The decreased levels of virus production and the abundance of pE2 compared to E2 in cell lysates are consistent with overall E2 misfolding resulting in decreased surface expression of E2. Immunofluorescence and cell surface biotinylation experiments showed that E1/E2 were present at the plasma membrane, albeit at reduced amounts, for SINV C19S, SINV C220S, RRV C22S, and RRV C220S (Fig. 4). Thus, while pE2 processing is misregulated in some of our mutants, there are fusogenic spikes at the plasma membrane because we detected E1/E2 at the plasma membrane (Fig. 4) and we observed the release of infectious particles (Fig. 2). The reduced amounts of E1/E2 at the plasma membrane may impact virus assembly in several ways. Particles that are not fully covered by viral glycoprotein spikes, multicored, and/or nonicosahedral may be released from the host cell. The released particles may also be less stable than wild-type particles, possibly due to improper E2-nucleocapsid core interactions.

Fig 4
Fig 4

Cell surface pE2/E2 and E1 expression by the SINV and RRV E2 Cys mutants. BHK-21 cells were electroporated with in vitro-transcribed wild-type (WT) or mutant viral RNA. (A) Immunofluorescence probing for cell surface glycoprotein expression. At 18 h postelectroporation, the cells were fixed with freshly prepared 1.5% paraformaldehyde. The fixed cells were probed with polyclonal antibodies recognizing SINV pE2/E2 or E1 and RRV pE2/E2, and the secondary antibody was Alexa Fluor 488. The cells were imaged at ×20 magnification using an Olympus 1X71 fluorescence microscope. Cell surface glycoprotein expression is false colored in green. (B) Biotinylation probing for cell surface glycoprotein expression. At 18 h postelectroporation, the cells were incubated in l-methionine- and l-cysteine-free medium for 15 min. After 15 min, [35S]cysteine-methionine was added to the medium and the cells were incubated for an additional 2 h. Radiolabeled cells were washed with PBS, and cell surface proteins were biotinylated for 30 min at room temperature with 2.5 mM NHS-LC-biotin. Following biotinylation, the cells were lysed with BHK cell lysis buffer. Biotinylated proteins were purified from cell lysates using streptavidin resin and eluted by adding reducing SDS sample buffer and boiling at 95°C for 10 min. The eluted proteins were analyzed by SDS-PAGE. Migration of spike glycoprotein bands is indicated to the right of each image. Migration of molecular mass standards is indicated to the left of each image.

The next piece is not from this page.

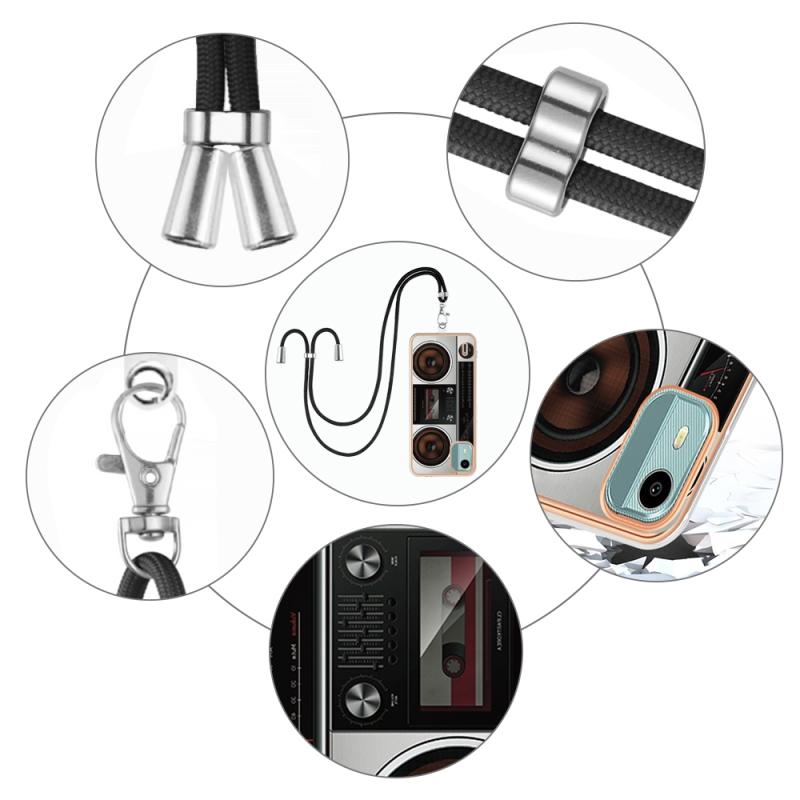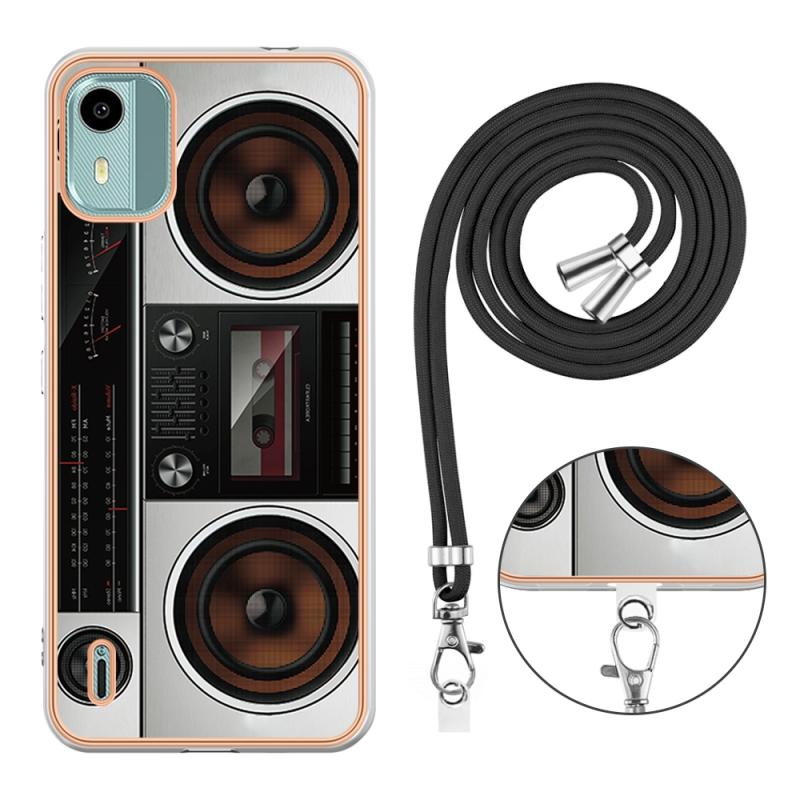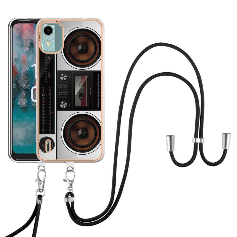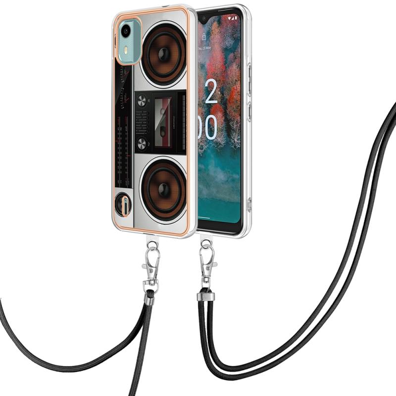 For Nokia C12 Electroplating Dual-side IMD Phone Case with Lanyard(Retro Radio)
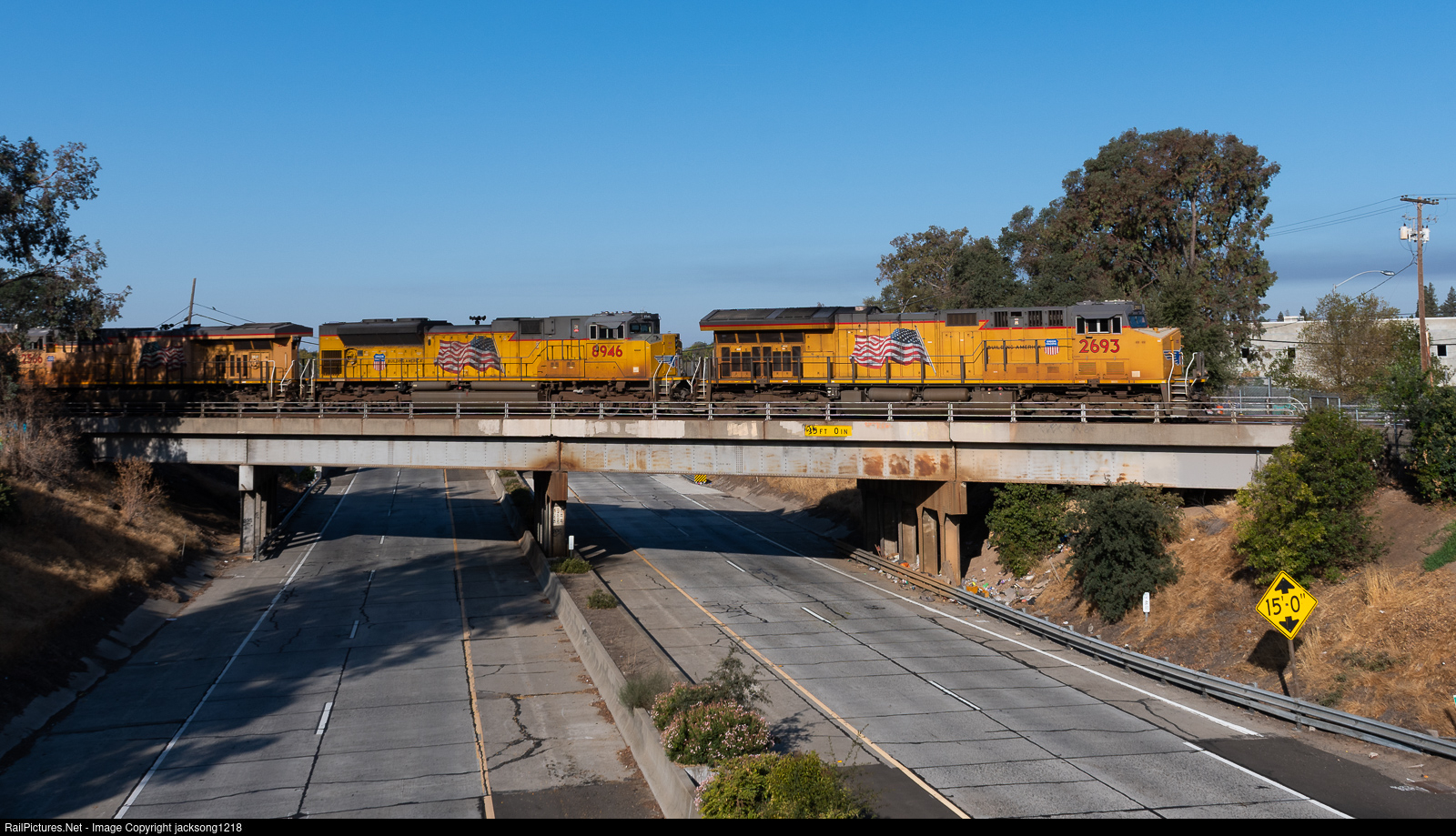 A northbound manifest train has just come off the Fresno Sub at Elvas and is now on the Martinez Sub as it passes over California Highway 160.

For the remainder of our studies, we characterized SINV C19S and RRV C22S to represent viruses with mutations in domain A of E2. We characterized SINV C220S and RRV C220S to represent viruses with mutations in domain B of E2.

The SINV E2 Cys mutants form large, misassembled particles.The E2 Cys mutants show reduced infectivity and, in some cases, atypical pE2 cleavage patterns compared to wild-type SINV and RRV. If the E2 Cys mutations inhibit furin cleavage of E3 from E2, then uncleaved pE2 may be incorporated into the released particles. The presence of pE2 in the released particle reduces virus infectivity (21). Alternatively, the Cys mutations in E2 may prevent proper lateral spike interactions at the plasma membrane or interactions between E2 and the nucleocapsid core during particle budding. Consequently, the glycoprotein spikes would not envelop a single nucleocapsid core and virions with multiple cores could form. Thus, it is necessary to determine the composition and morphology of the released E2 Cys mutant particles.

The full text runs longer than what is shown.